* [REQUIREMENT]: Type the listing below out again exactly. No images.

* [COLLECTED MATERIAL]:
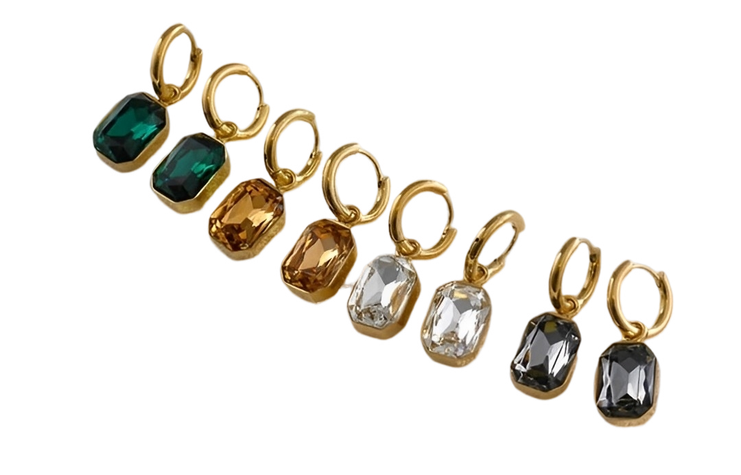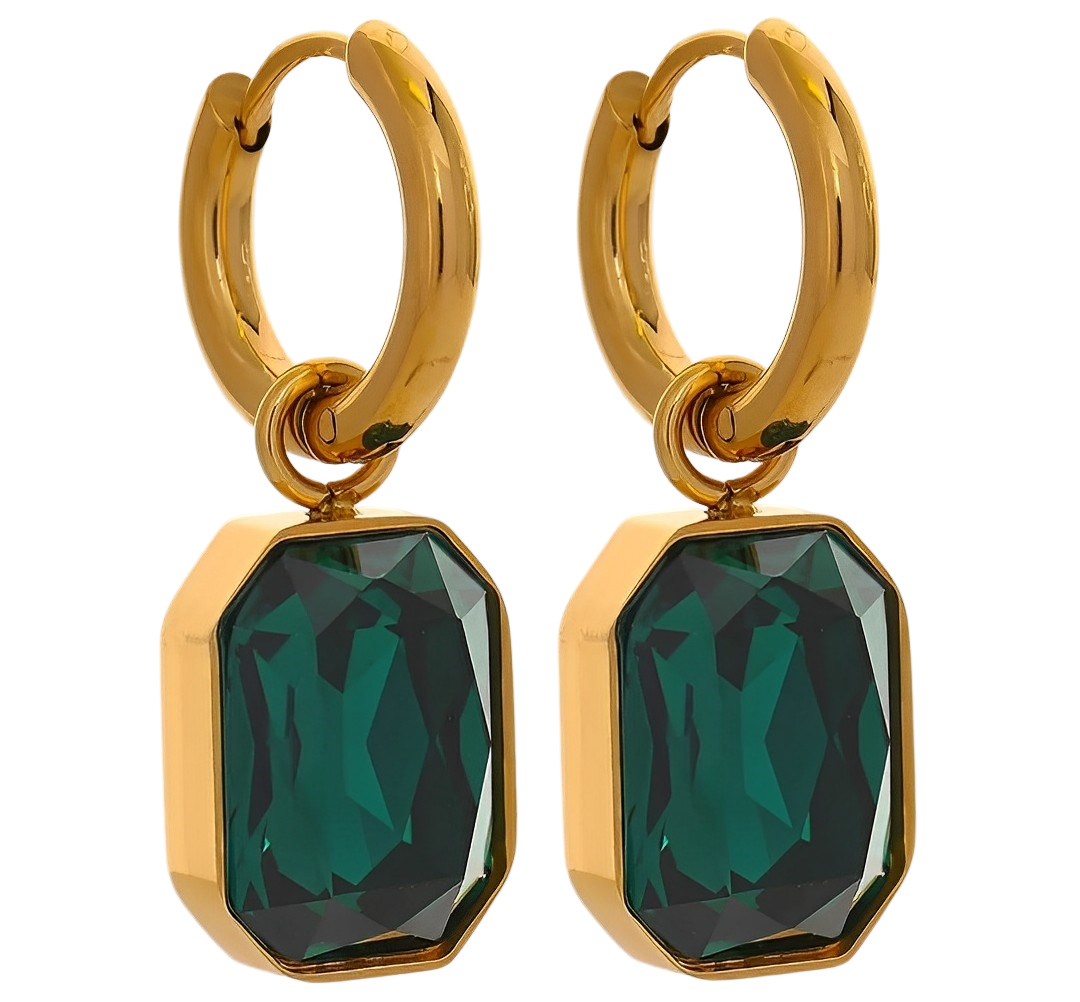 Arete acero inoxidable con piedra en forma de gema.
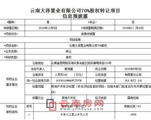 云南大澤置業(yè)股權(quán)轉(zhuǎn)讓預(yù)披露公告
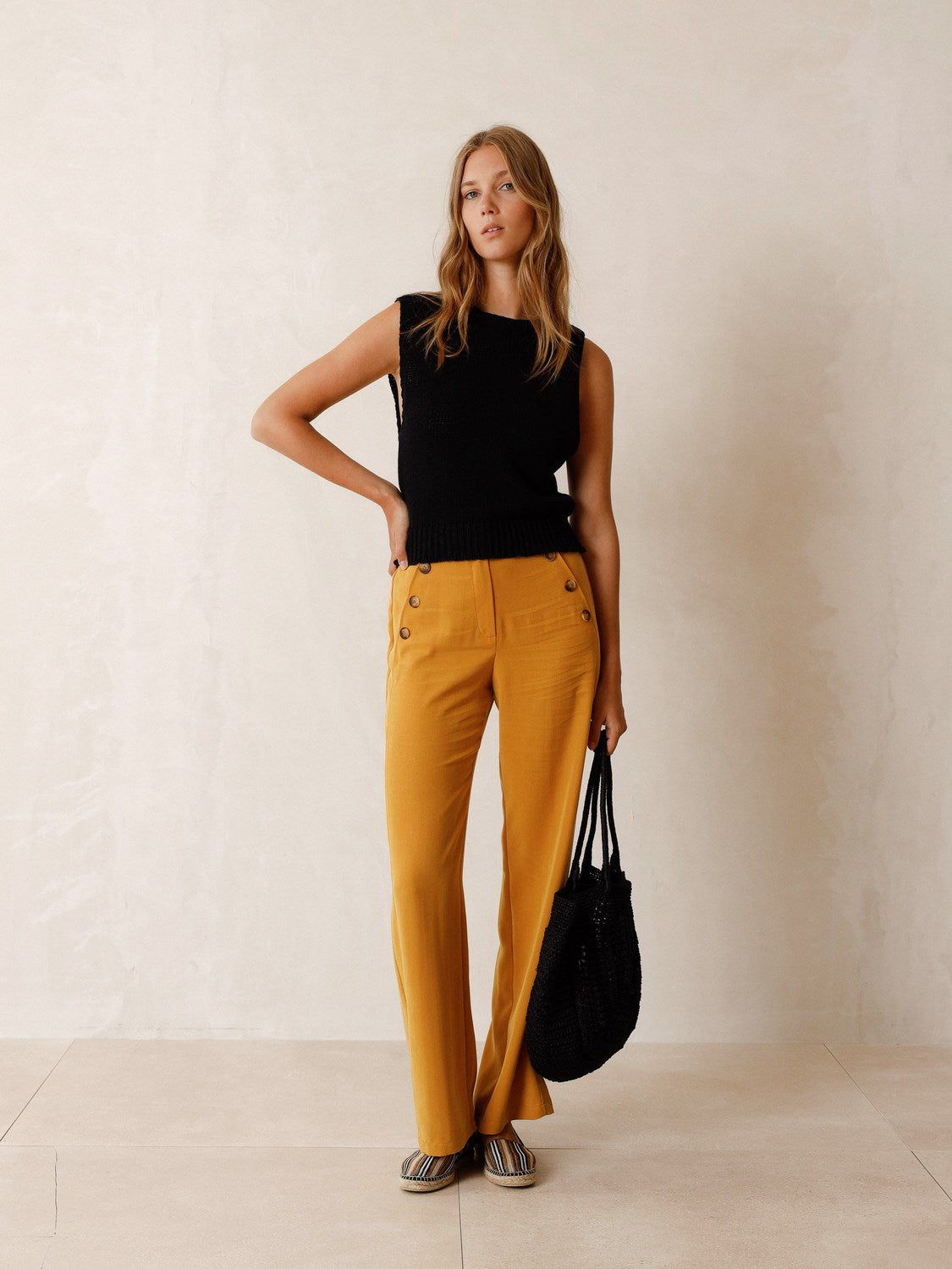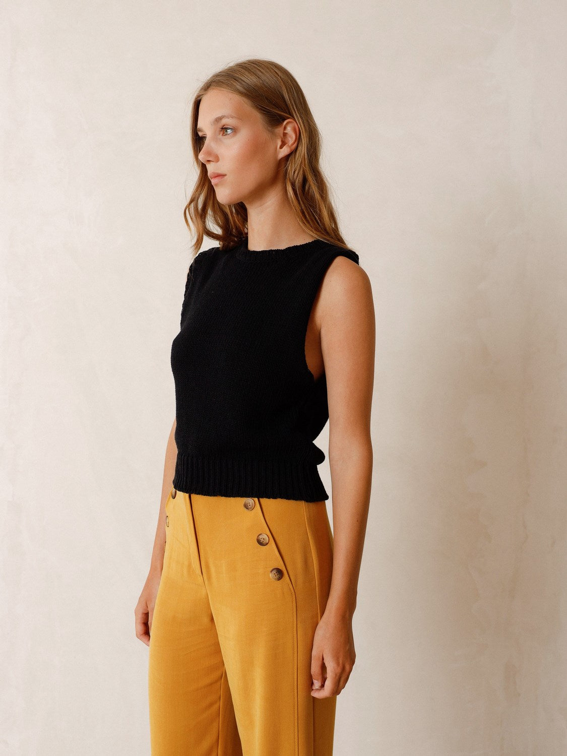 - High-rise, fitted waist

* [EXERCISE ANSWER]:
 Arete acero inoxidable con piedra en forma de gema.
 云南大澤置業(yè)股權(quán)轉(zhuǎn)讓預(yù)披露公告
 - High-rise, fitted waist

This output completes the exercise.